Learning From Morocco's Earthquake

Morocco, located in North Africa between the Atlantic Ocean and the Mediterranean Sea, faced a devastating earthquake on September 10th, occurring late on a Friday night around 11:11 PM local time. According to the U.S. Geological Survey, the earthquake registered a magnitude of 6.8 and had its epicentre situated about 72 kilometres away in the province of Al-Haouz, within the Atlas Mountains to the southwest of Marrakech. Morocco is characterised by several active fault systems, including those within the Rif and Atlas Mountains. These fault lines are known to generate earthquakes, and the level of seismic risk can vary across different regions of Morocco. Importantly, akin to Nepal, Morocco is positioned along the boundary where the African and Eurasian tectonic plates converge.
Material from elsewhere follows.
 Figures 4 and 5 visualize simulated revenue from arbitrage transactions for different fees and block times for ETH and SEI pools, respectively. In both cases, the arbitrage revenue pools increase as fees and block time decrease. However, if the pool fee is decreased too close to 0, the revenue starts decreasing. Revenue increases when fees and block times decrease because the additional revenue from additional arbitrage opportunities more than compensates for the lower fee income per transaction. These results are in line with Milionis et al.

This tectonic interaction is responsible for generating seismic activity in the region, leading to the occurrence of earthquakes. 
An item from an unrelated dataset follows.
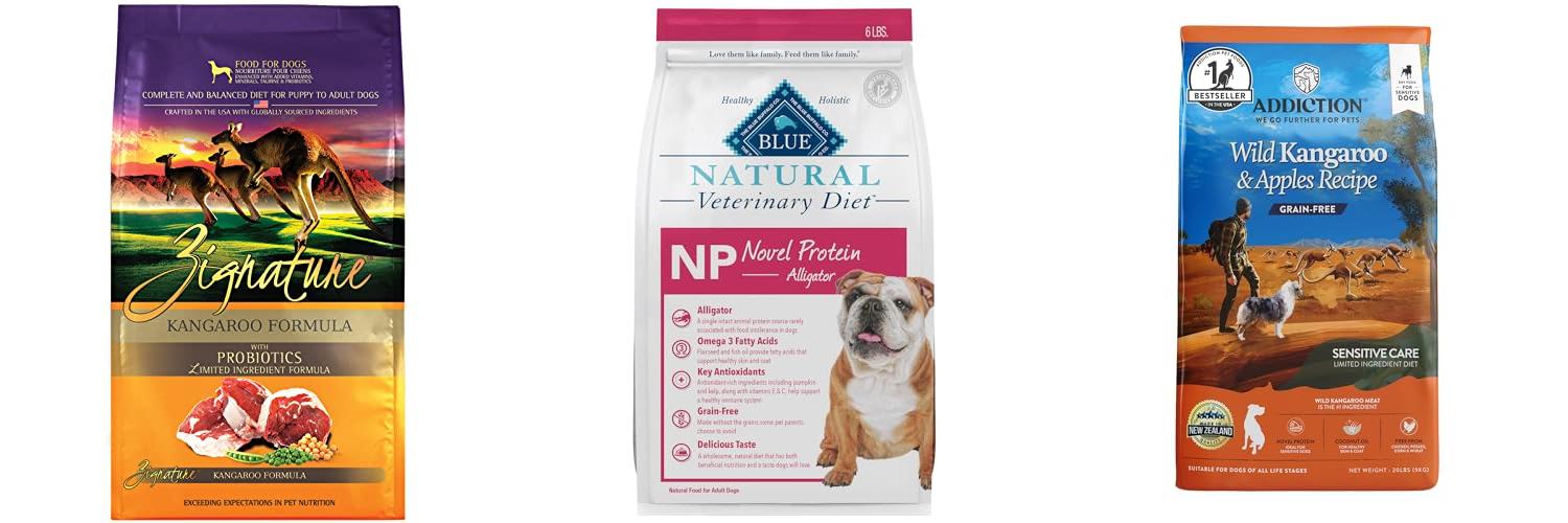 - Kangaroo meat is the first ingredient. It is a lean protein source.

In Amizmiz village, close to the epicentre, rescue teams diligently combed through debris using their hands as makeshift tools. The narrow streets were obstructed by fallen masonry, creating challenging conditions. Nearby residents continued their relentless search for survivors amidst the hilly terrain, where dwellings constructed from mud brick, stone, and rudimentary wood exhibited visible cracks, and mosque minarets had crumbled due to the earthquake's impact. The historically significant old city of Marrakech has borne the brunt of extensive damage. Situated at the heart of this UNESCO World Heritage Site, Jemaa al-Fna Square witnessed the collapse of a mosque minaret. Within the densely packed old city, some houses succumbed to the quake, compelling individuals to employ their bare hands in removing debris while they awaited the arrival of heavy machinery. The catastrophe has so far claimed the lives of more than 2,000 people and wrought havoc upon numerous villages.

Frequent quakes  

Morocco has a history of encountering big earthquakes in several decades, including the memorable 1960 Agadir Earthquake. Nonetheless, it's very conspicuous that the occurrence of earthquakes in terms of both frequency and magnitude tends to be less common and less intense than in certain regions of Nepal. Similar to the situation in Nepal, it is worth emphasising that building styles in Morocco exhibit considerable diversity, shaped by factors such as regional variations, climate conditions and local traditions. The region boasts numerous historic structures, predominantly constructed using masonry materials. The collapsed reinforced concrete buildings, on the other hand, were typically aged, constructed to substandard specifications, or failed to meet seismic design code requirements.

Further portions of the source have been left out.